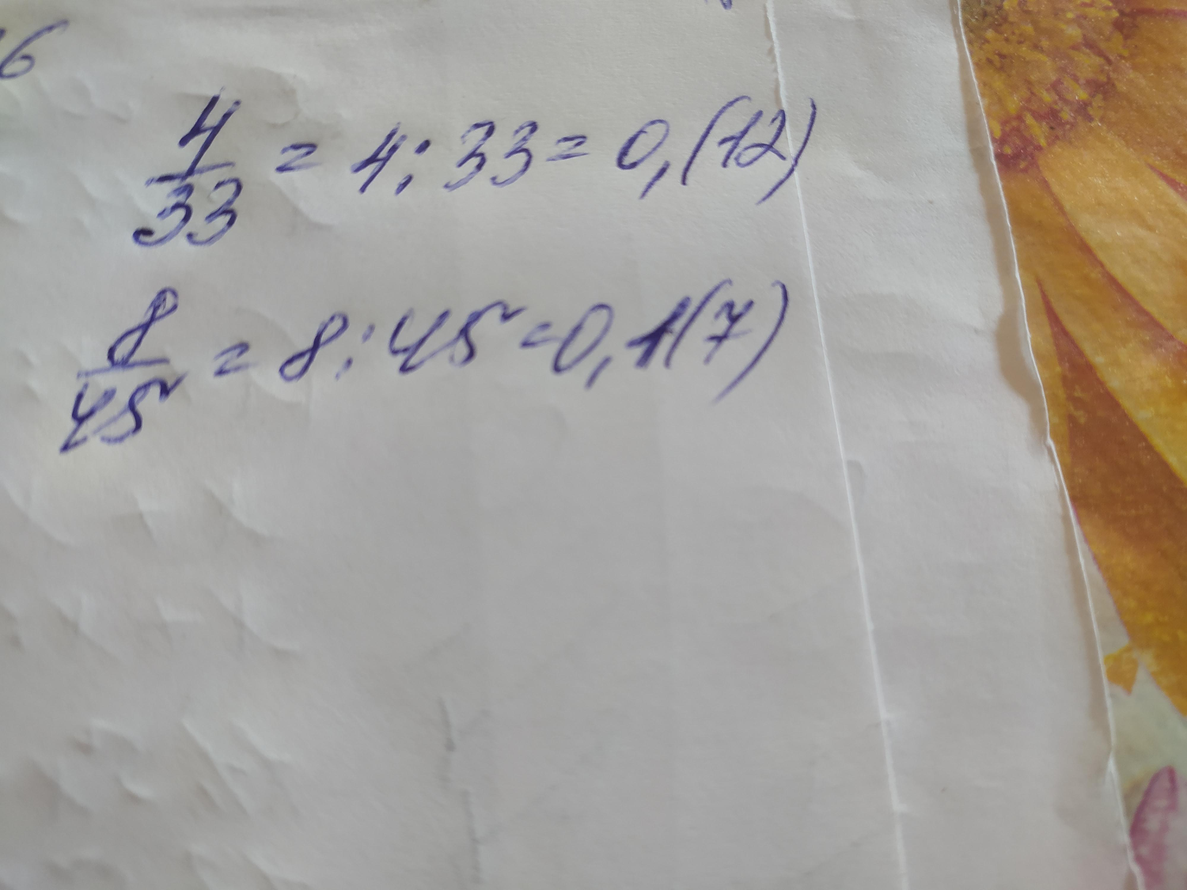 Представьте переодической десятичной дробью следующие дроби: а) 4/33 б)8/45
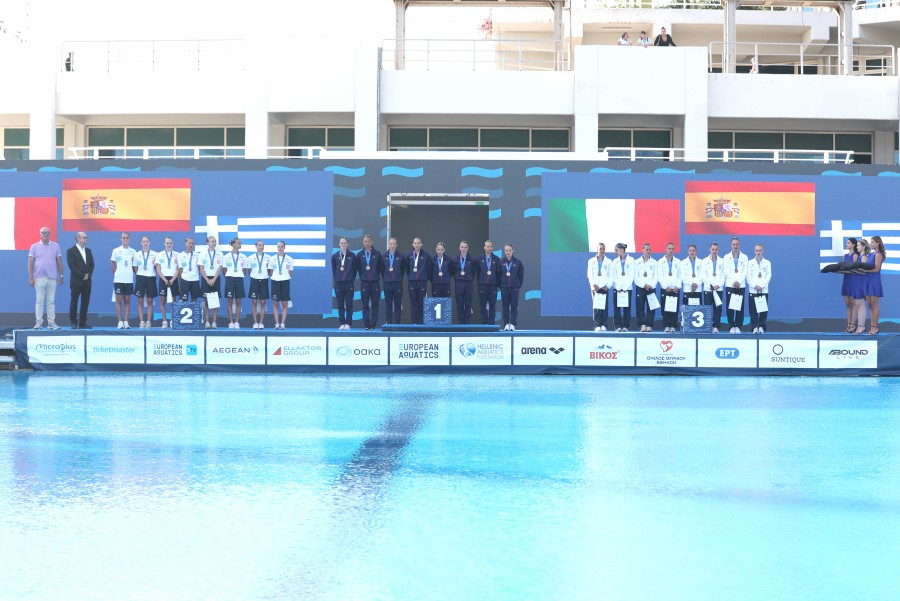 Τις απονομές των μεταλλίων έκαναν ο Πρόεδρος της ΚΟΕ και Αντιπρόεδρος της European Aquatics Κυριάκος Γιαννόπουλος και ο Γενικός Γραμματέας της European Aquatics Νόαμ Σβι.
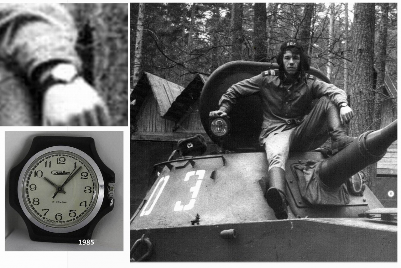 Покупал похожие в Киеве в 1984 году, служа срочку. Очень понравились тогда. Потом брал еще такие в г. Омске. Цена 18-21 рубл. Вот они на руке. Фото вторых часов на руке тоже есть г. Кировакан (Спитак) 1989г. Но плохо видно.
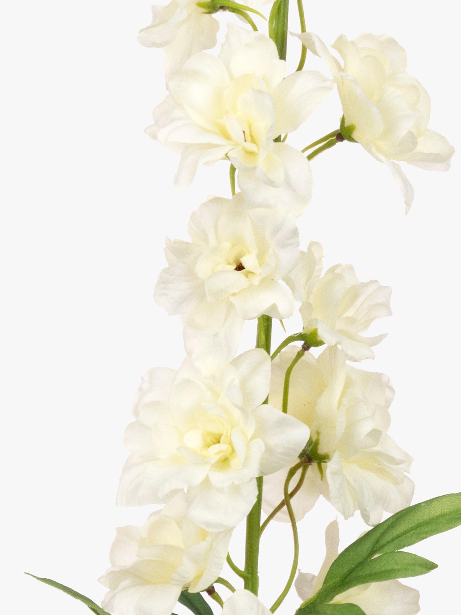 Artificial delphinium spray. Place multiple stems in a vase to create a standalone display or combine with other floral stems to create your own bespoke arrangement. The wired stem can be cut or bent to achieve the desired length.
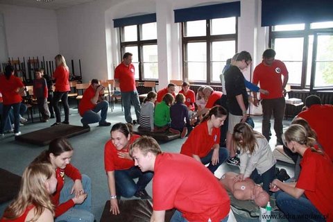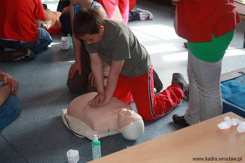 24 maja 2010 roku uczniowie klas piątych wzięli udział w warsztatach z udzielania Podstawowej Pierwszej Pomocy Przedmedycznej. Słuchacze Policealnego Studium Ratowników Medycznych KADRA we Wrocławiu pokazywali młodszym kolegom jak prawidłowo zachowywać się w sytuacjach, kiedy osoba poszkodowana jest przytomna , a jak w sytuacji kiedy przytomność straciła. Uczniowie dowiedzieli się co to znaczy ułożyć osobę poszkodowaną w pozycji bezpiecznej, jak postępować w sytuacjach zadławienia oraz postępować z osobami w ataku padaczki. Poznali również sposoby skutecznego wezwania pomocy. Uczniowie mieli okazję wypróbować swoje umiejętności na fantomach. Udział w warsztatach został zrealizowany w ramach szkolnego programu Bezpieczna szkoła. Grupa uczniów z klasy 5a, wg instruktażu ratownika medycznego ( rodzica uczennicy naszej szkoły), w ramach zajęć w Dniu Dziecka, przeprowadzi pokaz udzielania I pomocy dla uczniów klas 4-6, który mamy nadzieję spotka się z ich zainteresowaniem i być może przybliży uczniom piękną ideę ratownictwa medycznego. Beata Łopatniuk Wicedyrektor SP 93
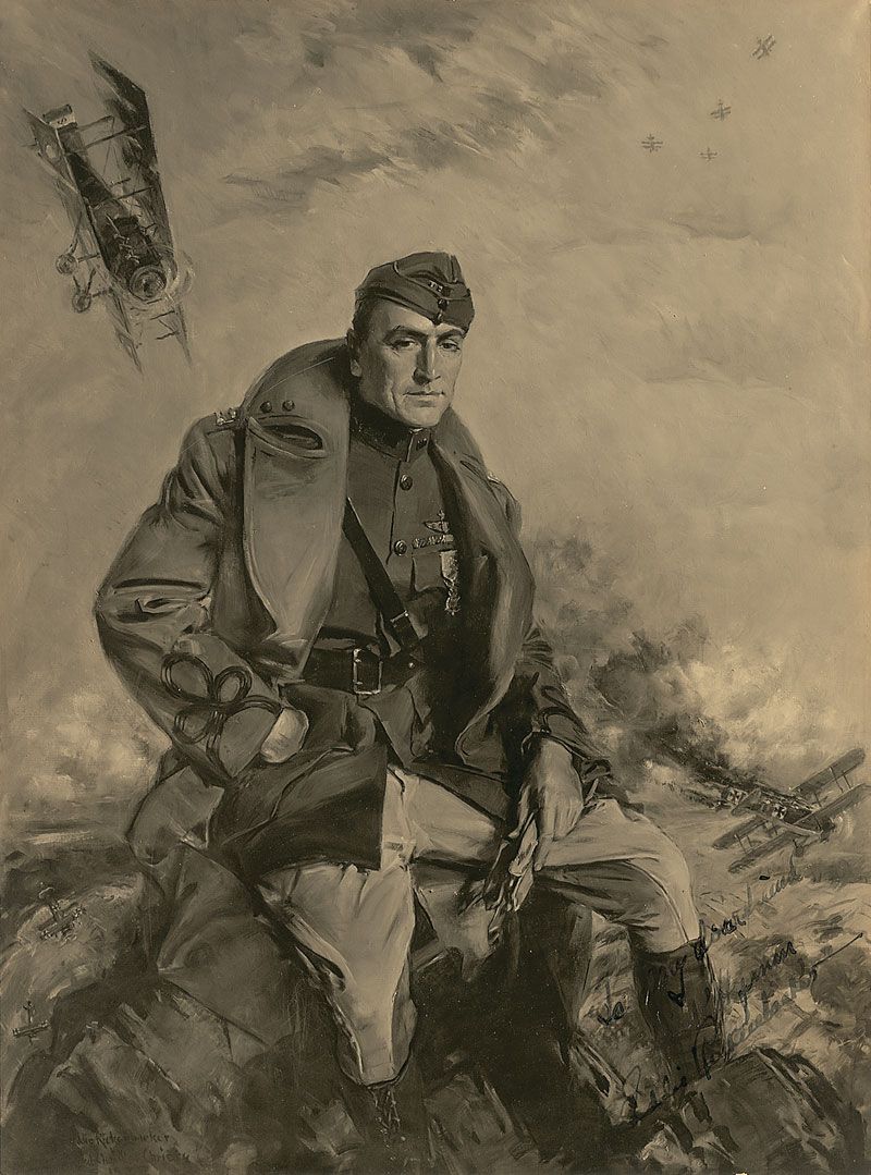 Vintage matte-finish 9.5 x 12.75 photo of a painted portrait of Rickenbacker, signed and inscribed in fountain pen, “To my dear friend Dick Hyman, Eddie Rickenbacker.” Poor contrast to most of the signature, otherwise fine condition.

---

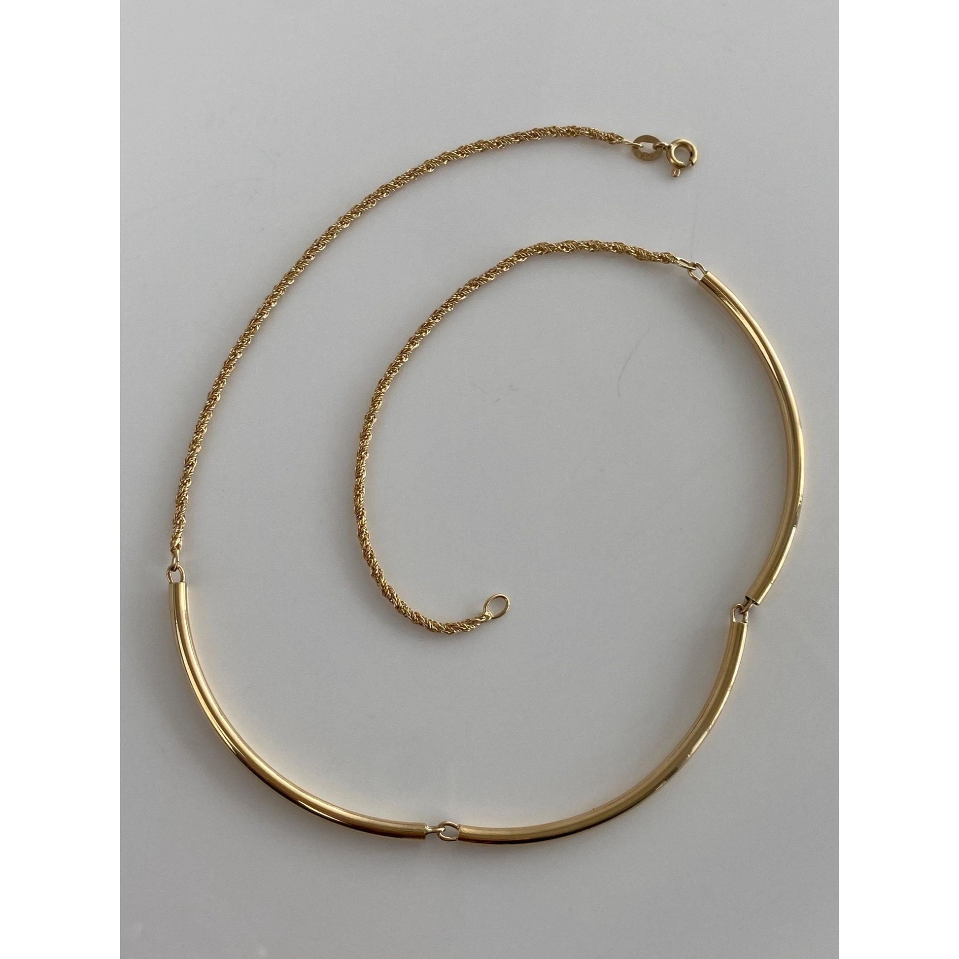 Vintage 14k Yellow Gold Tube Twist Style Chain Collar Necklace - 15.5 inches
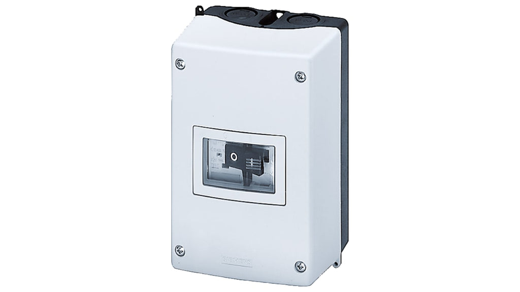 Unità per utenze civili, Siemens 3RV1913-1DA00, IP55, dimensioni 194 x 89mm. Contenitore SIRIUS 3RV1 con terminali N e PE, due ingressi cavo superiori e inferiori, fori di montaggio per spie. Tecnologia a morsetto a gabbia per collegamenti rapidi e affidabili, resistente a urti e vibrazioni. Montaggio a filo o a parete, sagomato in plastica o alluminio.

= Task prompt =
Output exactly the lines above, beginning at the one with "Представьте переодической десятичной" and stopping after the one with "Τις απονομές των". Pictures are to be omitted.

= Solved problem =
 Представьте переодической десятичной дробью следующие дроби: а) 4/33 б)8/45
 Τις απονομές των μεταλλίων έκαναν ο Πρόεδρος της ΚΟΕ και Αντιπρόεδρος της European Aquatics Κυριάκος Γιαννόπουλος και ο Γενικός Γραμματέας της European Aquatics Νόαμ Σβι.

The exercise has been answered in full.